Prompt: Each line in the data must be reproduced as written, except for any picture.
--- Given data Enclosed Below ---
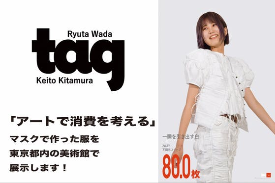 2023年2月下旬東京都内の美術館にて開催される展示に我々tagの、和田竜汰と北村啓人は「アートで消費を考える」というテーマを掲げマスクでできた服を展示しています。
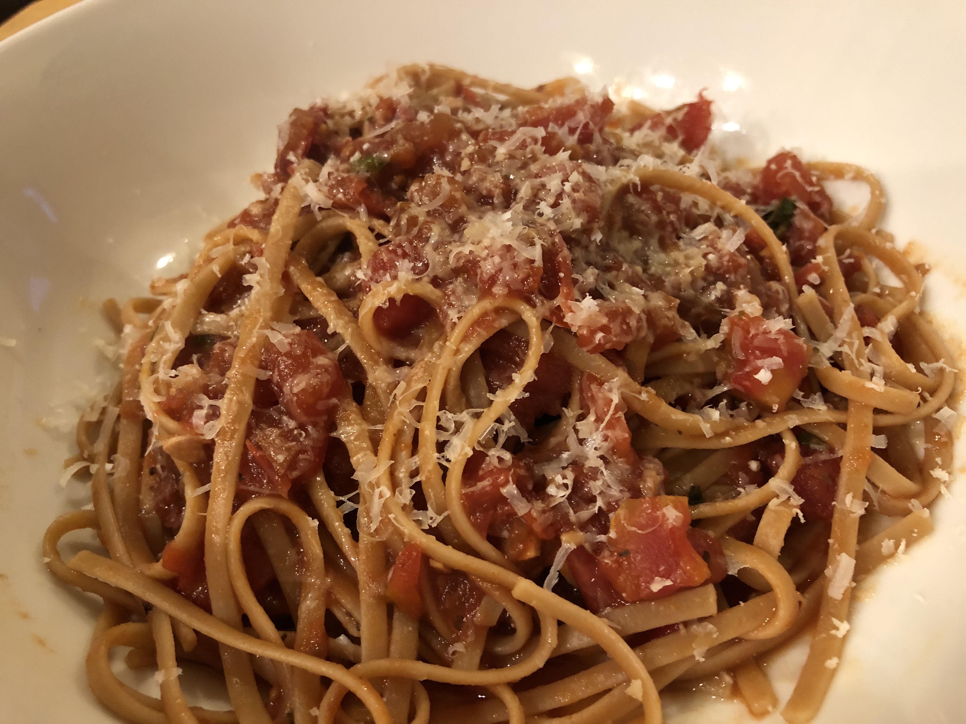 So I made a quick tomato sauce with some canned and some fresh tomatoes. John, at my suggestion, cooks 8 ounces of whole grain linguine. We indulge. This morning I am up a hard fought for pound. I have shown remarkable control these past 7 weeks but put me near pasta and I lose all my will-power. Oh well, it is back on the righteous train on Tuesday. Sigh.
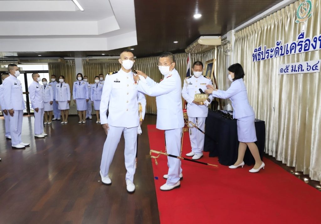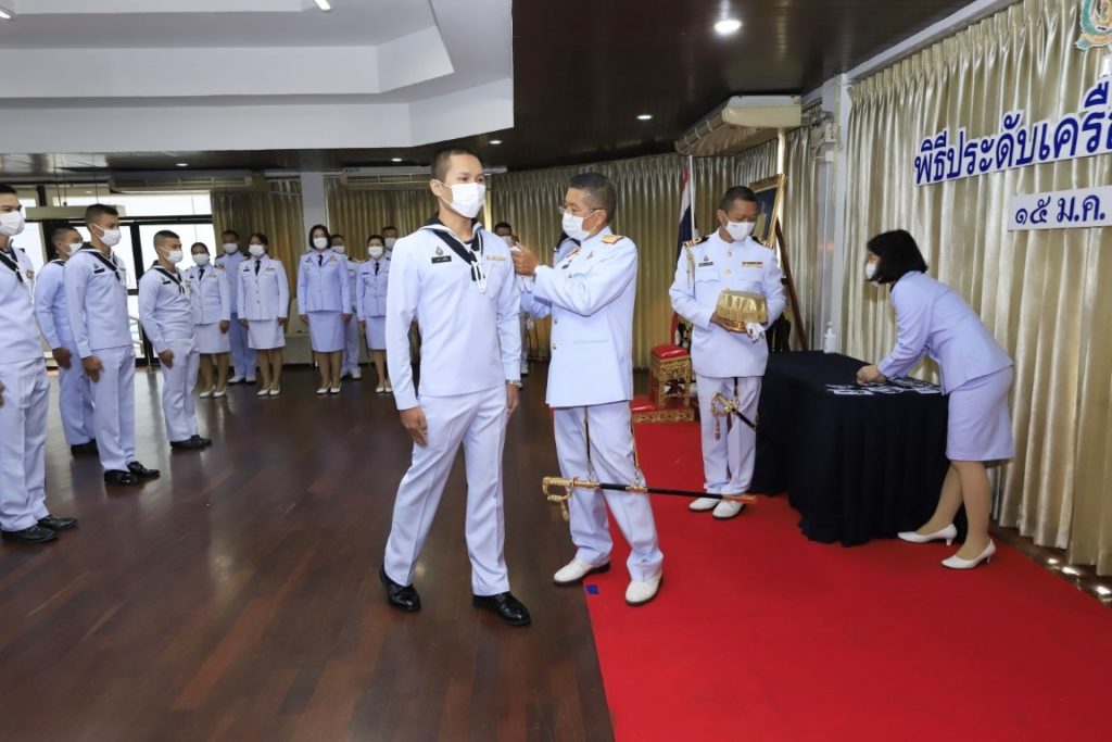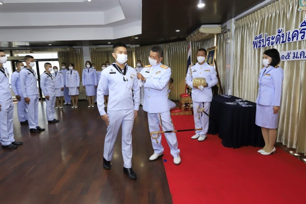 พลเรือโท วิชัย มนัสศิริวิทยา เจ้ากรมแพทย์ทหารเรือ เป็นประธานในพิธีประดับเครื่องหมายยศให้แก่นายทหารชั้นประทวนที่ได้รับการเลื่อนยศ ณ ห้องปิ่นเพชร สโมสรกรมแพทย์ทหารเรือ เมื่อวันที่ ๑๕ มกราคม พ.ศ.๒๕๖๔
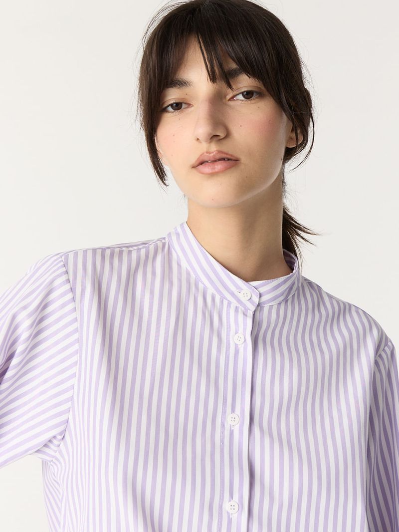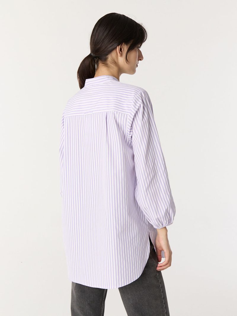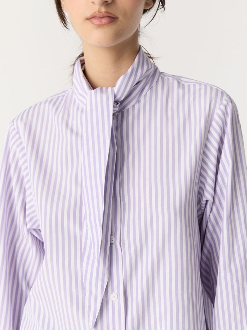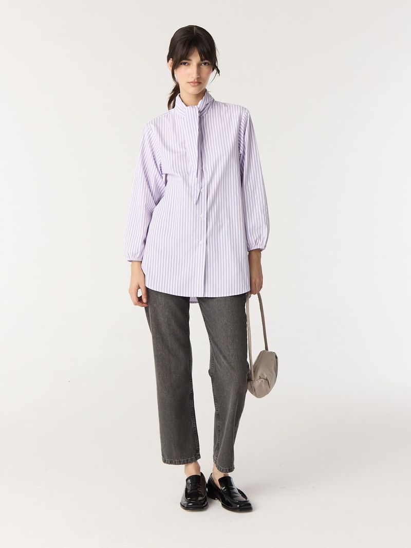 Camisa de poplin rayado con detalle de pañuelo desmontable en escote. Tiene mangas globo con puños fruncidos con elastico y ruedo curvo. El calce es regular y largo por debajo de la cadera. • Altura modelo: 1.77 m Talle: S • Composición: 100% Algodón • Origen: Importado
--- End of Enclosed Given data ---
Solution to the exercise:
 2023年2月下旬東京都内の美術館にて開催される展示に我々tagの、和田竜汰と北村啓人は「アートで消費を考える」というテーマを掲げマスクでできた服を展示しています。
 So I made a quick tomato sauce with some canned and some fresh tomatoes. John, at my suggestion, cooks 8 ounces of whole grain linguine. We indulge. This morning I am up a hard fought for pound. I have shown remarkable control these past 7 weeks but put me near pasta and I lose all my will-power. Oh well, it is back on the righteous train on Tuesday. Sigh.
 พลเรือโท วิชัย มนัสศิริวิทยา เจ้ากรมแพทย์ทหารเรือ เป็นประธานในพิธีประดับเครื่องหมายยศให้แก่นายทหารชั้นประทวนที่ได้รับการเลื่อนยศ ณ ห้องปิ่นเพชร สโมสรกรมแพทย์ทหารเรือ เมื่อวันที่ ๑๕ มกราคม พ.ศ.๒๕๖๔
 Camisa de poplin rayado con detalle de pañuelo desmontable en escote. Tiene mangas globo con puños fruncidos con elastico y ruedo curvo. El calce es regular y largo por debajo de la cadera. • Altura modelo: 1.77 m Talle: S • Composición: 100% Algodón • Origen: Importado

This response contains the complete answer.